**PROBLEM DESCRIPTION**.
From the material below, copy exactly the lines beginning with the one that contains "江华瑶族自治县林业局关于转发《湖南省林业系统涉企行政检查事项清单》的通知" and ending with the one that contains "This Seco lightweight"; the pictures stay out.

**INPUT FOR THIS TASK**.
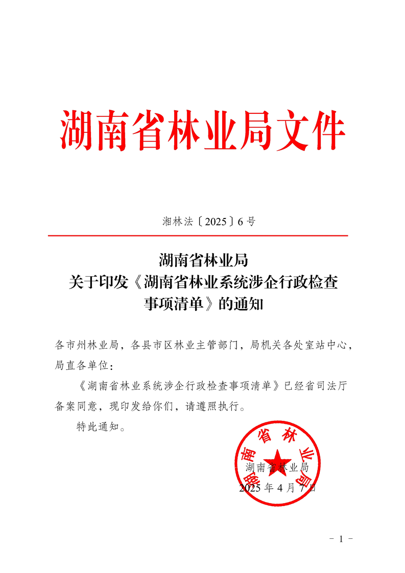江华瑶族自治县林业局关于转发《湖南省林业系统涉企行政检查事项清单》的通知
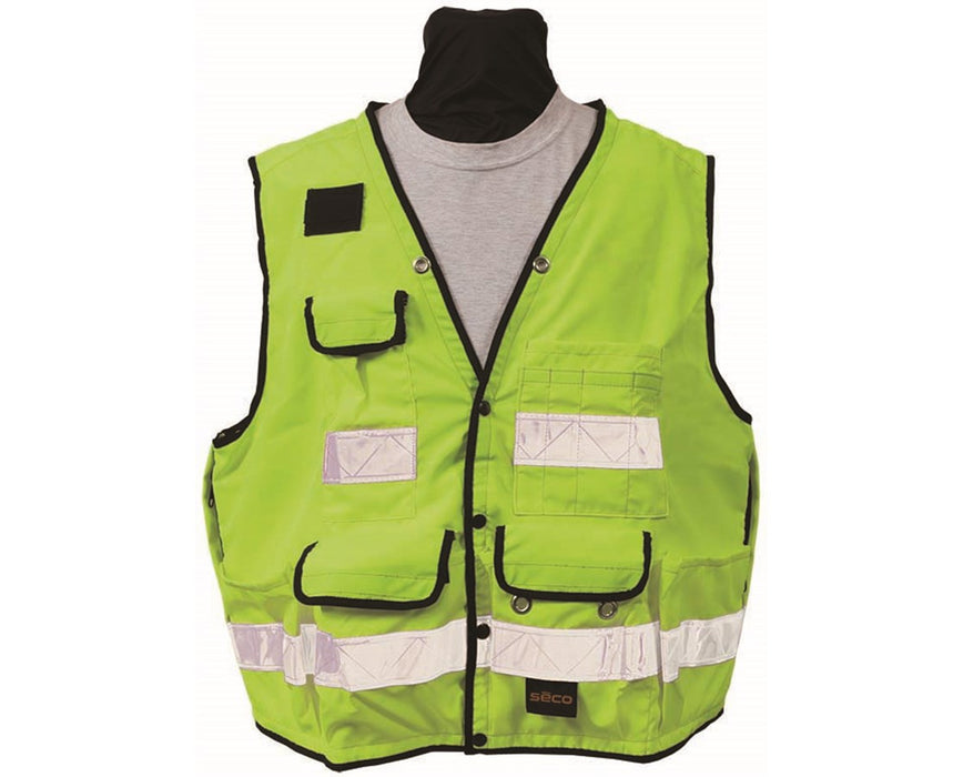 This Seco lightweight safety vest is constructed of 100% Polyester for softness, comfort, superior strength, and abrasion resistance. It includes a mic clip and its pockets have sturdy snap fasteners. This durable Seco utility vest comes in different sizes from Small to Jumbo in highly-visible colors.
---
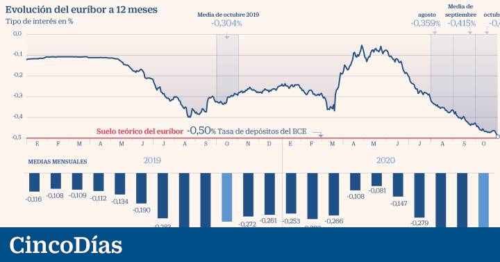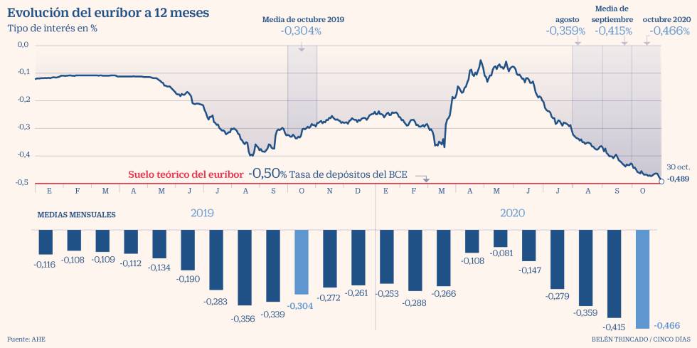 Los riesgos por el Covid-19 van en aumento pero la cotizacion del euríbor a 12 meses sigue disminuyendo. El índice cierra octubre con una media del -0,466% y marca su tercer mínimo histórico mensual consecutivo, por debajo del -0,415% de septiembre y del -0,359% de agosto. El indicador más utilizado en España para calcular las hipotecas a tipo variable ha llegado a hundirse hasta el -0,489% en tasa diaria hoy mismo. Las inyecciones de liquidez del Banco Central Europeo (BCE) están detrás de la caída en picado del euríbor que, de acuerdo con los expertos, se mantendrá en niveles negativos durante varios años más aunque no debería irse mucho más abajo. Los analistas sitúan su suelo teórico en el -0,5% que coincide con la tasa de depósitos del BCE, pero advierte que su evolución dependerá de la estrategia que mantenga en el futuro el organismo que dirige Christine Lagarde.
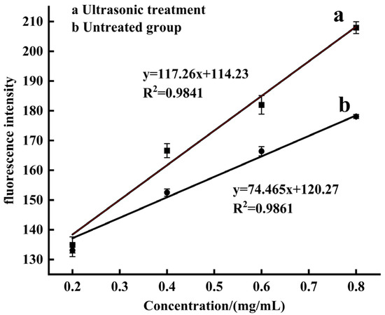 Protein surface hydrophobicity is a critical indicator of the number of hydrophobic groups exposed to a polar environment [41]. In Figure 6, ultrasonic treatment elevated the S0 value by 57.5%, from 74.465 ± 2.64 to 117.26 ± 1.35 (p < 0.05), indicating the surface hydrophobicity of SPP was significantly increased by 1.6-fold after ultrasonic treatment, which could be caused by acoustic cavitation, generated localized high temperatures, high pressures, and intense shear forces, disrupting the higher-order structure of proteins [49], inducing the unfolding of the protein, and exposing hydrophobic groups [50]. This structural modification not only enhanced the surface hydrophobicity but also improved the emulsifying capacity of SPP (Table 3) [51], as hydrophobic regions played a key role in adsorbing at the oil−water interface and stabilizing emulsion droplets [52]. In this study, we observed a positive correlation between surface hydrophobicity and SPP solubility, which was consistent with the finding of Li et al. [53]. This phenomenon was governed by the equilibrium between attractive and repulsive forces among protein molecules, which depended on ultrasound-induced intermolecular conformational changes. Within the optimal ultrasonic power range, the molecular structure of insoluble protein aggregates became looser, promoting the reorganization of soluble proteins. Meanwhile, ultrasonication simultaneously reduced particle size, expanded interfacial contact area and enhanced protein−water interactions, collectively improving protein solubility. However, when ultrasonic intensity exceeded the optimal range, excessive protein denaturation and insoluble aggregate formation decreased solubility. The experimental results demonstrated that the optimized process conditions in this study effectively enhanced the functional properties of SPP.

**EXERCISE ANSWER**.
江华瑶族自治县林业局关于转发《湖南省林业系统涉企行政检查事项清单》的通知
 This Seco lightweight safety vest is constructed of 100% Polyester for softness, comfort, superior strength, and abrasion resistance. It includes a mic clip and its pockets have sturdy snap fasteners. This durable Seco utility vest comes in different sizes from Small to Jumbo in highly-visible colors.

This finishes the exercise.